● **Problem to solve**
The records that follow are to be given again exactly. Do not carry over any image.

● **Input data**
────

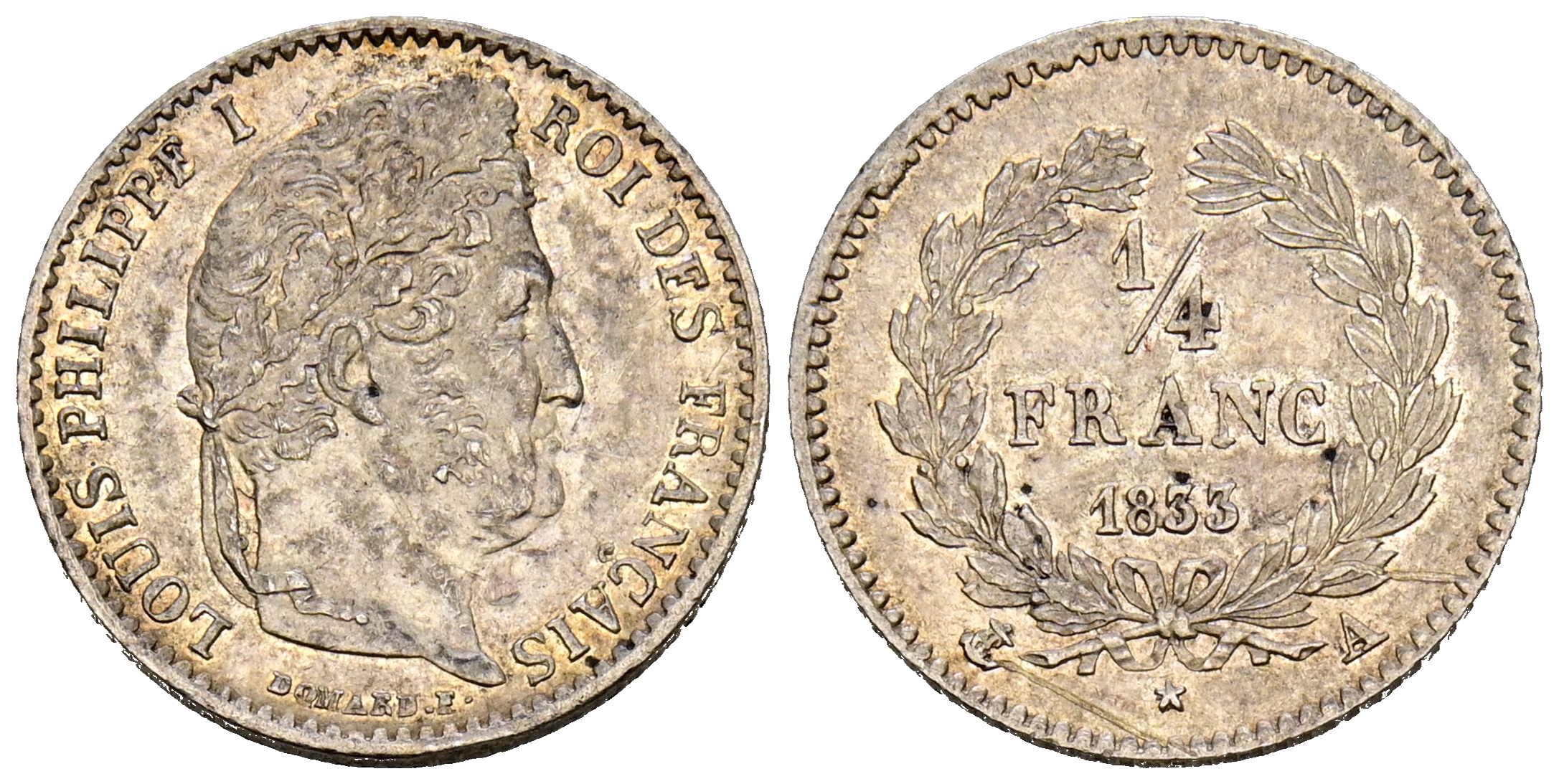 FRANCE, Louis Philippe I. 1/4 Franc. (Ar. 1.25g/15mm). 1833. Paris A. (Km#740). EF/EF-. Small scratch on reverse. Traces of original luster.
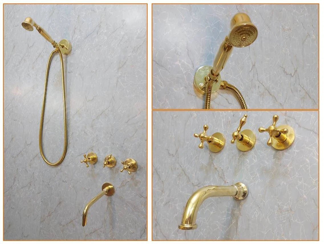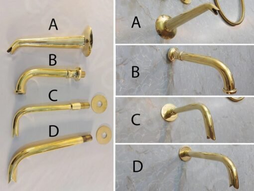 This Handcrafted wall mount tub filler with handheld shower head is perfect for a classic-inspired space. Carefully made by our creative craftsmen. There are five shapes of spouts available. Thus, you can choose the most appropriate one for you and add your own personal touch to your bathroom.
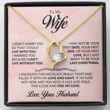 ” To My Wife, I Didn’t Marry You So That I Could Live With You. I Married You Because I Can’t Live Without You. I May Not Be Your First Date, Your First Kiss, Or Your First Love, But I Just Want To Be Your Last Everything. I Squeezed This Necklace Really Tight And Filled It With My Love And Light. If I’m Ever Not Here And You Need A Hug Just Hold This Close And Feel My Love. Love, Your Husband”
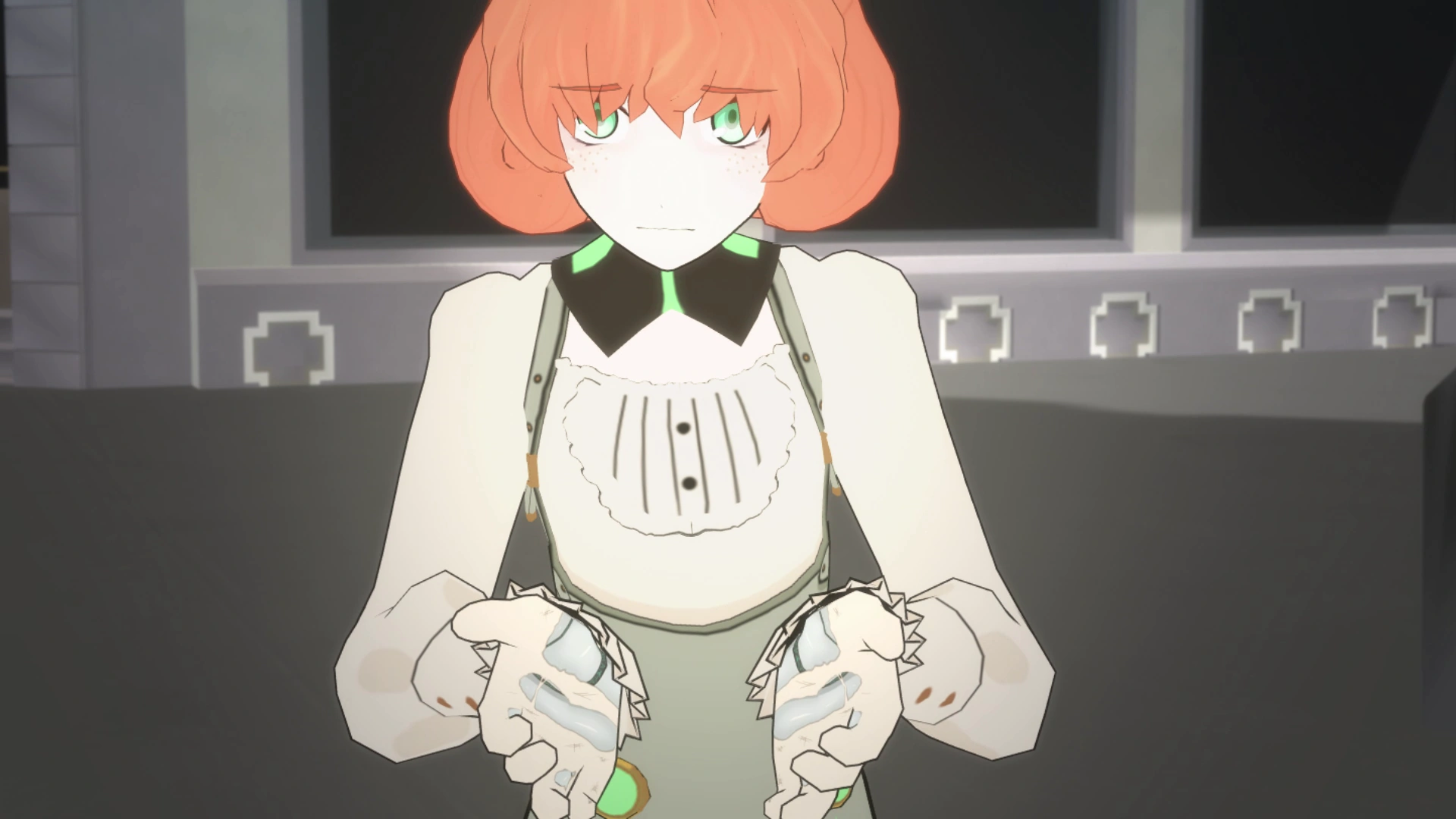 Klein Sieben tends to Nora, who awakens just as Ruby, Weiss, Blake and Whitley Schnee rush a badly-damaged Penny into Weiss's room. Klein isn't sure whether he can adequately repair the damage, but will do what he can. Unfortunately, at that moment the power goes out. Mat, on her way back to the Mantle Crater to help the refugees, calls them to confirm that Atlas just took another major hit. Ruby apologizes that they aren't doing more to help, but May tells her not to beat herself up, saying she doesn't know how much help they are able to give, at this point.
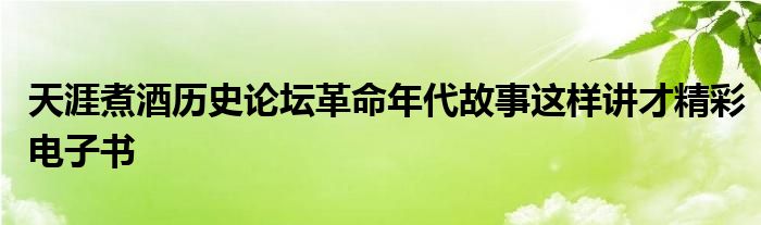 关于天涯煮酒历史论坛革命年代故事这样讲才精彩电子书这个很多人还不知道,今天菲菲来为大家解答以上的问题,现在让我们一起来看看吧!
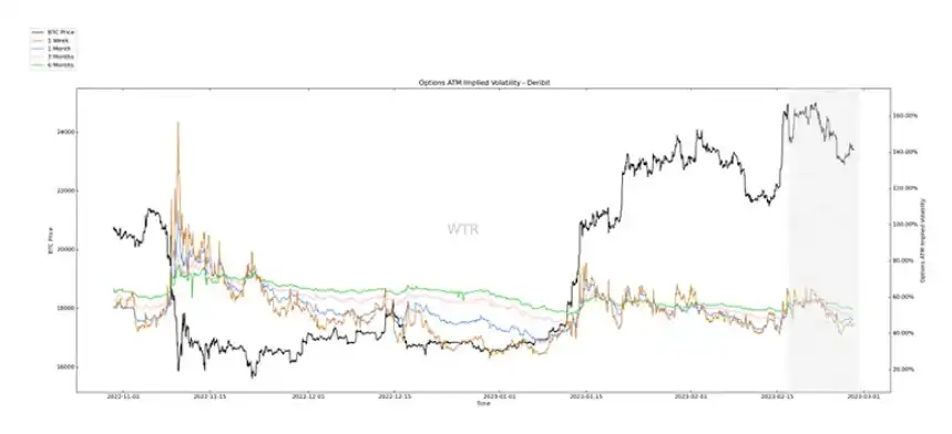 伴随着价格的回调,期权隐含波动率也随之下降,当前较短期的波动率已有轻微上涨信号。
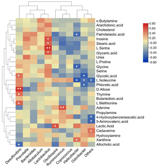 Spearman correlation heatmap analysis between gut microbiota and significant changes in faecal metabolites. p-values computed by Spearman correlation tests (* p < 0.05, ** p < 0.01).
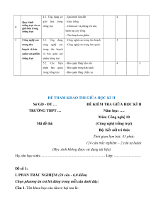 ĐỀ KIỂM TRA GIỮA HỌC KÌ II TRƯỜNG THPT … Năm học: …. Môn: Công nghệ 10 Mã đề thi:
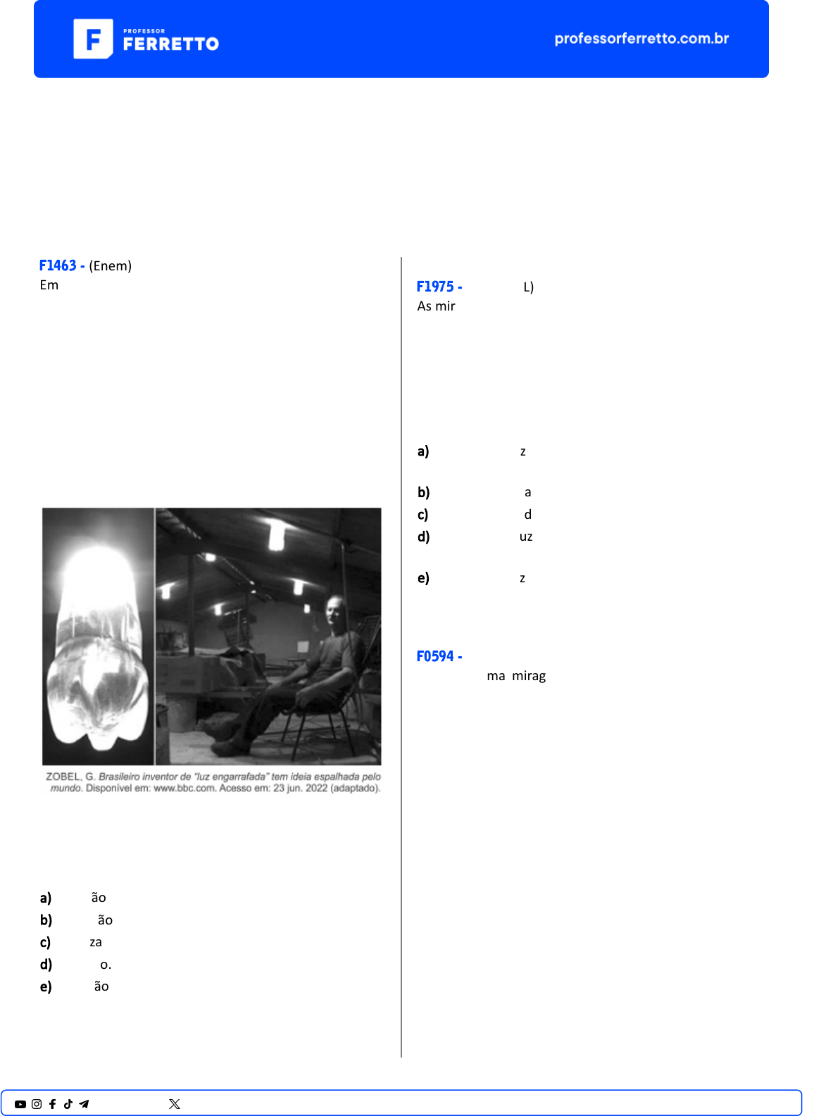 ENEM Óptica Refração F1463 - (Enem) Em 2002, um mecânico da cidade mineira de Uberaba (MG) teve uma ideia para economizar o consumo de energia elétrica e iluminar a própria casa num dia de sol. Para isso, ele u�lizou garrafas plás�cas PET com água e cloro, conforme ilustram as figuras. Cada garrafa foi fixada ao telhado de sua casa em um buraco com diâmetro igual ao da garrafa, muito maior que o comprimento de onda da luz. Nos úl�mos dois anos, sua ideia já alcançou diversas partes do mundo e deve a�ngir a marca de 1 milhão de casas u�lizando a “luz engarrafada”. Que fenômeno óp�co explica o funcionamento da “luz engarrafada”? a) Difração. b) Absorção. c) Polarização. d) Reflexão. e) Refração. F1975 - (Enem PPL) As miragens existem e podem induzir à percepção de que há água onde não existe. Elas são a manifestação de um fenômeno óp�co que ocorre na atmosfera. Disponível em: www.invivo.fiocruz.br. Acesso em: 29 fev. 2012. Esse fenômeno óp�co é consequência da a) refração da luz nas camadas de ar próximas do chão quente. b) reflexão da luz ao incidir no solo quente. c) reflexão difusa da luz na super�cie rugosa. d) dispersão da luz nas camadas de ar próximas do chão quente. e) difração da luz nas camadas de ar próximas do chão quente. F0594 - (Enem) Será que uma miragem ajudou a afundar o Titanic? O fenômeno ó�co conhecido como Fata Morgana pode fazer com que uma falsa parede de água apareça sobre o horizonte molhado. Quando as condições são favoráveis, a luz refle�da pela água fria pode ser desviada por uma camada incomum de ar quente acima, chegando até o observador, vinda de muitos ângulos diferentes. De acordo com estudos de pesquisadores da Universidade de San Diego, uma Fata Morgana pode ter obscurecido os icebergs da visão da tripulação que estava a bordo do Titanic. Dessa forma, a certa distância, o horizonte verdadeiro fica encoberto por uma névoa escurecida, que se parece muito com águas calmas no escuro. Disponível em: h�p://apod.nasa.gov. Acesso em: 6 set. 2012 (adaptado). O fenômeno ó�co que, segundo os pesquisadores, provoca a Fata Morgana é a 1@professorferretto @prof_ferretto a) ressonância. b) refração. c) difração. d) reflexão. e) difusão. F1974 - (Enem PPL) Folhas de papel, como as u�lizadas para a impressão de documentos, são opacas e permeáveis aos líquidos. Esse material é cons�tuído de microfibras entrelaçadas de celulose, que são transparentes à luz. Quando sobre elas se derrama glicerina, elas se tornam translúcidas. Uma imagem da super�cie de uma folha de papel, ampliada por um microscópio eletrônico de varredura, pode ser vista na figura. No quadro é apresentada a razão (n) entre a velocidade da luz no vácuo e no respec�vo material (celulose, glicerina ou ar). Material n celulose 1,46 glicerina 1,47 ar 1,00 Nessa situação, o papel se tornou translúcido porque a luz é a) mais refle�da. b) mais absorvida. c) mais espalhada. d) menos refratada. e) menos transmi�da. F0379 - (Enem) Uma proposta de disposi�vo capaz de indicar a qualidade da gasolina vendida em postos e, consequentemente, evitar fraudes, poderia u�lizar o conceito de refração luminosa. Nesse sen�do, a gasolina não adulterada, na temperatura ambiente, apresenta razão entre os senos dos raios incidente e refratado igual a 1,4. Desse modo, fazendo incidir o feixe de luz proveniente do ar com um ângulo fixo e maior que zero, qualquer modificação no ângulo do feixe refratado indicará adulteração no combus�vel. Em uma fiscalização ro�neira, o teste apresentou o valor de 1,9. Qual foi o comportamento do raio refratado? a) Mudou de sen�do. b) Sofreu reflexão total. c) A�ngiu o valor do ângulo limite. d) Direcionou-se para a super�cie de separação. e) Aproximou-se da normal à super�cie de separação. F0531 - (Enem) A figura representa um prisma óp�co, cons�tuído de um material transparente, cujo índice de refração é crescente com a frequência da luz que sobre ele incide. Um feixe luminoso, composto por luzes vermelha, azul e verde, incide na face A, emerge na face B e, após ser refle�do por um espelho, incide num filme para fotografia colorida, revelando três pontos. Observando os pontos luminosos revelados no filme, de baixo para cima, constatam-se as seguintes cores: a) Vermelha, verde, azul. b) Verde, vermelha, azul. c) Azul, verde, vermelha. d) Verde, azul, vermelha. e) Azul, vermelha, verde. F1982 - (Enem PPL) A fotografia feita sob luz polarizada é usada por dermatologistas para diagnós�cos. Isso permite ver detalhes da super�cie da pele que não são visíveis com o reflexo da luz branca comum. Para se obter luz polarizada, pode-se u�lizar a luz transmi�da por um 2@professorferretto @prof_ferretto polaroide ou a luz refle�da por uma super�cie na condição de Brewster, como mostra a figura. Nessa situação, o feixe da luz refratada forma um ângulo de 90˚ com o feixe da luz refle�da, fenômeno conhecido como Lei de Brewster. Nesse caso, o ângulo da incidência θp, também chamado de ângulo de polarização, e o ângulo de refração θr estão em conformidade com a Lei de Snell. Considere um feixe de luz não polarizada proveniente de um meio com índice de refração igual a 1, que incide sobre uma lâmina e faz um ângulo de refração θr de 30˚. Nessa situação, qual deve ser o índice de refração da lâmina para que o feixe refle�do seja polarizado? a) √3 b) (√3)/3 c) 2 d) 1/2 e) (√3)/2 F2011 - (Enem PPL) A faixa espectral da radiação solar que contribui fortemente para o efeito mostrado na �rinha é caracterizada como a) visível. b) amarela. c) vermelha. d) ultravioleta. e) infravermelha. F0564 - (Enem) Em uma linha de transmissão de informações por fibra óp�ca, quando um sinal diminui sua intensidade para valores inferiores a 10 dB, este precisa ser retransmi
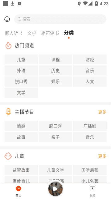 3、听书吧是目前市面上资源最为丰富的听书软件,其资源分类包含有声小说、百家讲坛、相声评书以及人文社科等类别。

────

● **Solution to this exercise**
 FRANCE, Louis Philippe I. 1/4 Franc. (Ar. 1.25g/15mm). 1833. Paris A. (Km#740). EF/EF-. Small scratch on reverse. Traces of original luster.
 This Handcrafted wall mount tub filler with handheld shower head is perfect for a classic-inspired space. Carefully made by our creative craftsmen. There are five shapes of spouts available. Thus, you can choose the most appropriate one for you and add your own personal touch to your bathroom.
 ” To My Wife, I Didn’t Marry You So That I Could Live With You. I Married You Because I Can’t Live Without You. I May Not Be Your First Date, Your First Kiss, Or Your First Love, But I Just Want To Be Your Last Everything. I Squeezed This Necklace Really Tight And Filled It With My Love And Light. If I’m Ever Not Here And You Need A Hug Just Hold This Close And Feel My Love. Love, Your Husband”
 Klein Sieben tends to Nora, who awakens just as Ruby, Weiss, Blake and Whitley Schnee rush a badly-damaged Penny into Weiss's room. Klein isn't sure whether he can adequately repair the damage, but will do what he can. Unfortunately, at that moment the power goes out. Mat, on her way back to the Mantle Crater to help the refugees, calls them to confirm that Atlas just took another major hit. Ruby apologizes that they aren't doing more to help, but May tells her not to beat herself up, saying she doesn't know how much help they are able to give, at this point.
 关于天涯煮酒历史论坛革命年代故事这样讲才精彩电子书这个很多人还不知道,今天菲菲来为大家解答以上的问题,现在让我们一起来看看吧!
 伴随着价格的回调,期权隐含波动率也随之下降,当前较短期的波动率已有轻微上涨信号。
 Spearman correlation heatmap analysis between gut microbiota and significant changes in faecal metabolites. p-values computed by Spearman correlation tests (* p < 0.05, ** p < 0.01).
 ĐỀ KIỂM TRA GIỮA HỌC KÌ II TRƯỜNG THPT … Năm học: …. Môn: Công nghệ 10 Mã đề thi:
 ENEM Óptica Refração F1463 - (Enem) Em 2002, um mecânico da cidade mineira de Uberaba (MG) teve uma ideia para economizar o consumo de energia elétrica e iluminar a própria casa num dia de sol. Para isso, ele u�lizou garrafas plás�cas PET com água e cloro, conforme ilustram as figuras. Cada garrafa foi fixada ao telhado de sua casa em um buraco com diâmetro igual ao da garrafa, muito maior que o comprimento de onda da luz. Nos úl�mos dois anos, sua ideia já alcançou diversas partes do mundo e deve a�ngir a marca de 1 milhão de casas u�lizando a “luz engarrafada”. Que fenômeno óp�co explica o funcionamento da “luz engarrafada”? a) Difração. b) Absorção. c) Polarização. d) Reflexão. e) Refração. F1975 - (Enem PPL) As miragens existem e podem induzir à percepção de que há água onde não existe. Elas são a manifestação de um fenômeno óp�co que ocorre na atmosfera. Disponível em: www.invivo.fiocruz.br. Acesso em: 29 fev. 2012. Esse fenômeno óp�co é consequência da a) refração da luz nas camadas de ar próximas do chão quente. b) reflexão da luz ao incidir no solo quente. c) reflexão difusa da luz na super�cie rugosa. d) dispersão da luz nas camadas de ar próximas do chão quente. e) difração da luz nas camadas de ar próximas do chão quente. F0594 - (Enem) Será que uma miragem ajudou a afundar o Titanic? O fenômeno ó�co conhecido como Fata Morgana pode fazer com que uma falsa parede de água apareça sobre o horizonte molhado. Quando as condições são favoráveis, a luz refle�da pela água fria pode ser desviada por uma camada incomum de ar quente acima, chegando até o observador, vinda de muitos ângulos diferentes. De acordo com estudos de pesquisadores da Universidade de San Diego, uma Fata Morgana pode ter obscurecido os icebergs da visão da tripulação que estava a bordo do Titanic. Dessa forma, a certa distância, o horizonte verdadeiro fica encoberto por uma névoa escurecida, que se parece muito com águas calmas no escuro. Disponível em: h�p://apod.nasa.gov. Acesso em: 6 set. 2012 (adaptado). O fenômeno ó�co que, segundo os pesquisadores, provoca a Fata Morgana é a 1@professorferretto @prof_ferretto a) ressonância. b) refração. c) difração. d) reflexão. e) difusão. F1974 - (Enem PPL) Folhas de papel, como as u�lizadas para a impressão de documentos, são opacas e permeáveis aos líquidos. Esse material é cons�tuído de microfibras entrelaçadas de celulose, que são transparentes à luz. Quando sobre elas se derrama glicerina, elas se tornam translúcidas. Uma imagem da super�cie de uma folha de papel, ampliada por um microscópio eletrônico de varredura, pode ser vista na figura. No quadro é apresentada a razão (n) entre a velocidade da luz no vácuo e no respec�vo material (celulose, glicerina ou ar). Material n celulose 1,46 glicerina 1,47 ar 1,00 Nessa situação, o papel se tornou translúcido porque a luz é a) mais refle�da. b) mais absorvida. c) mais espalhada. d) menos refratada. e) menos transmi�da. F0379 - (Enem) Uma proposta de disposi�vo capaz de indicar a qualidade da gasolina vendida em postos e, consequentemente, evitar fraudes, poderia u�lizar o conceito de refração luminosa. Nesse sen�do, a gasolina não adulterada, na temperatura ambiente, apresenta razão entre os senos dos raios incidente e refratado igual a 1,4. Desse modo, fazendo incidir o feixe de luz proveniente do ar com um ângulo fixo e maior que zero, qualquer modificação no ângulo do feixe refratado indicará adulteração no combus�vel. Em uma fiscalização ro�neira, o teste apresentou o valor de 1,9. Qual foi o comportamento do raio refratado? a) Mudou de sen�do. b) Sofreu reflexão total. c) A�ngiu o valor do ângulo limite. d) Direcionou-se para a super�cie de separação. e) Aproximou-se da normal à super�cie de separação. F0531 - (Enem) A figura representa um prisma óp�co, cons�tuído de um material transparente, cujo índice de refração é crescente com a frequência da luz que sobre ele incide. Um feixe luminoso, composto por luzes vermelha, azul e verde, incide na face A, emerge na face B e, após ser refle�do por um espelho, incide num filme para fotografia colorida, revelando três pontos. Observando os pontos luminosos revelados no filme, de baixo para cima, constatam-se as seguintes cores: a) Vermelha, verde, azul. b) Verde, vermelha, azul. c) Azul, verde, vermelha. d) Verde, azul, vermelha. e) Azul, vermelha, verde. F1982 - (Enem PPL) A fotografia feita sob luz polarizada é usada por dermatologistas para diagnós�cos. Isso permite ver detalhes da super�cie da pele que não são visíveis com o reflexo da luz branca comum. Para se obter luz polarizada, pode-se u�lizar a luz transmi�da por um 2@professorferretto @prof_ferretto polaroide ou a luz refle�da por uma super�cie na condição de Brewster, como mostra a figura. Nessa situação, o feixe da luz refratada forma um ângulo de 90˚ com o feixe da luz refle�da, fenômeno conhecido como Lei de Brewster. Nesse caso, o ângulo da incidência θp, também chamado de ângulo de polarização, e o ângulo de refração θr estão em conformidade com a Lei de Snell. Considere um feixe de luz não polarizada proveniente de um meio com índice de refração igual a 1, que incide sobre uma lâmina e faz um ângulo de refração θr de 30˚. Nessa situação, qual deve ser o índice de refração da lâmina para que o feixe refle�do seja polarizado? a) √3 b) (√3)/3 c) 2 d) 1/2 e) (√3)/2 F2011 - (Enem PPL) A faixa espectral da radiação solar que contribui fortemente para o efeito mostrado na �rinha é caracterizada como a) visível. b) amarela. c) vermelha. d) ultravioleta. e) infravermelha. F0564 - (Enem) Em uma linha de transmissão de informações por fibra óp�ca, quando um sinal diminui sua intensidade para valores inferiores a 10 dB, este precisa ser retransmi
 3、听书吧是目前市面上资源最为丰富的听书软件,其资源分类包含有声小说、百家讲坛、相声评书以及人文社科等类别。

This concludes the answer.